Young Mountain - A Billion Times Around  (Cover Artwork)

Young Mountain

Young Mountain: A Billion Times Around

A Billion Times Around (2011)

Get Better!


4
Plan-It-X Records has sadly decided not to continue amid circumstances I'm sure you have read about on Punknews. A truly upsetting series of events led to the label's downfall and many fans of the typical style of Gainesville folk punk that is associated with the label were heartbroken and lost. Per...

Plan-It-X Records has sadly decided not to continue amid circumstances I'm sure you have read about on Punknews. A truly upsetting series of events led to the label's downfall and many fans of the typical style of Gainesville folk punk that is associated with the label were heartbroken and lost. Perhaps to keep these fans entertained until Plan-It-X Fest, Young Mountain's debut album A Billion Times Around offers a folky, poppy, punchy style of punk that is truly an ear-refresher when a record like this is being sorely missed, albeit with minor and non-distracting issues. Although Keene, New Hampshire-based Young Mountain are roughly a thousand or so miles away from the label's home base of Gainesville, Fla., geography doesn't mean shit when you can sonically HEAR the similarities.

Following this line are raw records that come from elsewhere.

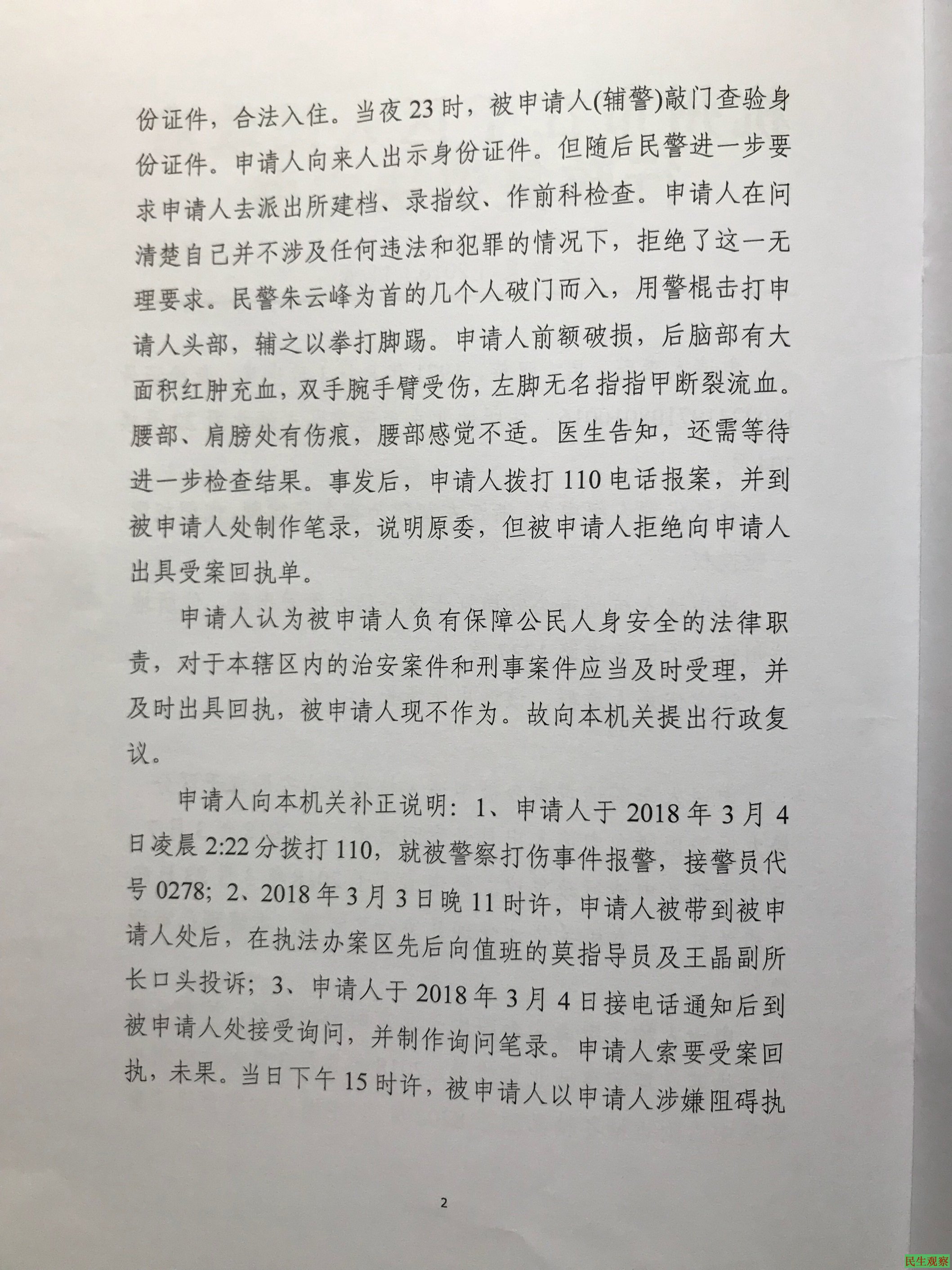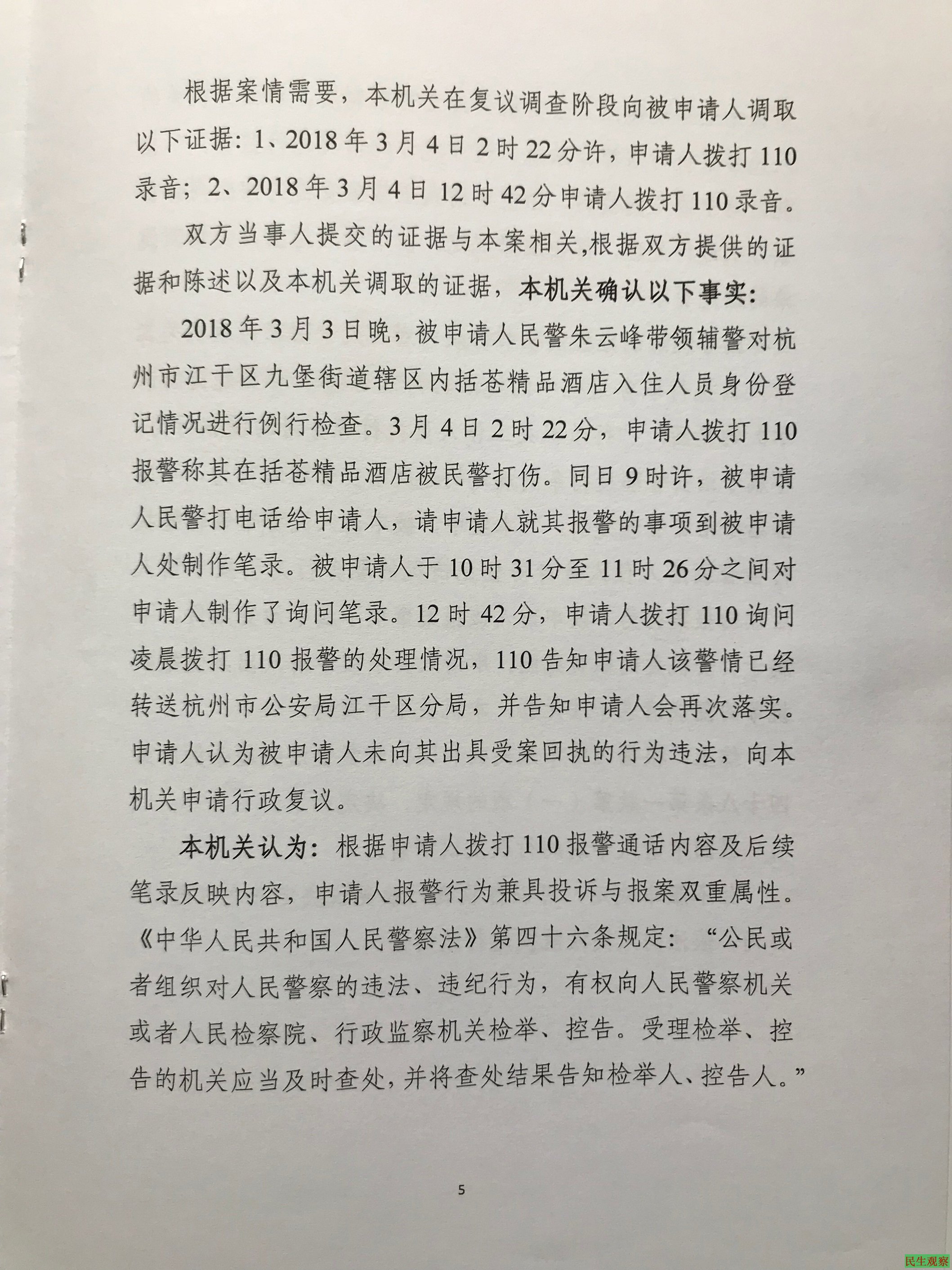 被告杭州市公安局江干区分局九堡派出所警察和辅警在原告经过酒店前台登记身份信息并经摄像头识别验证(据说准确率接近100%),且辅警敲门检查时,原告立即出示身份证,辅警明确告知原告其无违法嫌疑,仅因有前科,按照浙江省公安厅的内部规定,需要将原告带到派出所采集指纹、做笔录和提取手机数据。原告依法要求警方人员出示传唤证后,警察朱云峰等破门进入房间将原告打伤并背铐带到派出所限制原告人身自由。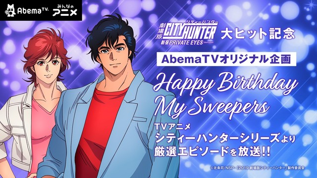 北条司原作によるアニメ映画「劇場版シティーハンター 」のヒットを記念し、冴羽リョウと槇村香の生誕を祝した特別番組「Happy Birthday My Sweepers ~リョウと香の生誕に“愛ともっこり”を込めて~(前編・後編)」が、AbemaTVのみんなのアニメチャンネル2にて3月下旬に放送される。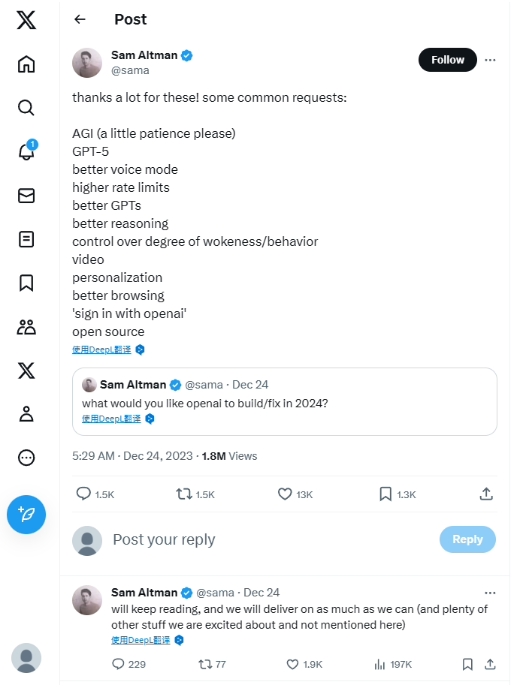 時值圣誕季,OpenAI 首席執行官薩姆?阿爾特曼化身“圣誕老人”在自己的 X 平臺賬號上發文征求網友們 2024 年對 OpenAI 的愿望與期待:“你希望 OpenAI 明年新增或修復哪些功能?”。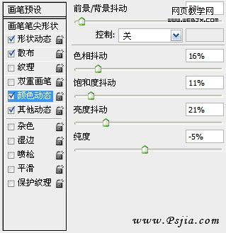 3、选择你刚定义好的画笔,按F5进行画笔设置。所有设置见下面图示(仔细设置,这步很关键):

A Billion Times begins with a quote from every punk's favorite philosopher and general badass Henry Rollins. I am assuming, but don't quote me on this, that this is from The Henry Rollins Show and it kicks off the album on a great note, flowing seamlessly into the opening track "PC Doesn't Stand for Personal Computer Anymore". This is a good song to begin the album, for it shows a good indication of what a lot of the album will sound like: pointed and speedy, rough production, and herky-jerky singing. It is a great opening track and sets the tone for the album. Subsequent tracks like "Mixed Signals", "Your New Boyfriend Wears an Amon Amarth T-Shirt" and the record's title track all follow a similar structure and lyrics. Fans will recognize a few of the tracks from earlier work, including the violent and hilarious "I Hope the Cannibals Turn You Into Stew" and the fan favorite "97' Blazer", both rerecorded and face-lifted. The first real change-up comes in the fifth track, "All Growed Up", with more mature lyrics and a more interesting structure. Heck, comparing this song to "Cannibals" is like Milo Goes to College to I Don't Want to Grow Up. Another change-up comes about at track 7, "First World Problems". A bouncy rhythm section and faster lyrics, along with a "damn them all to hell" motif makes this one of the standout tracks on the record, being one of my favorites.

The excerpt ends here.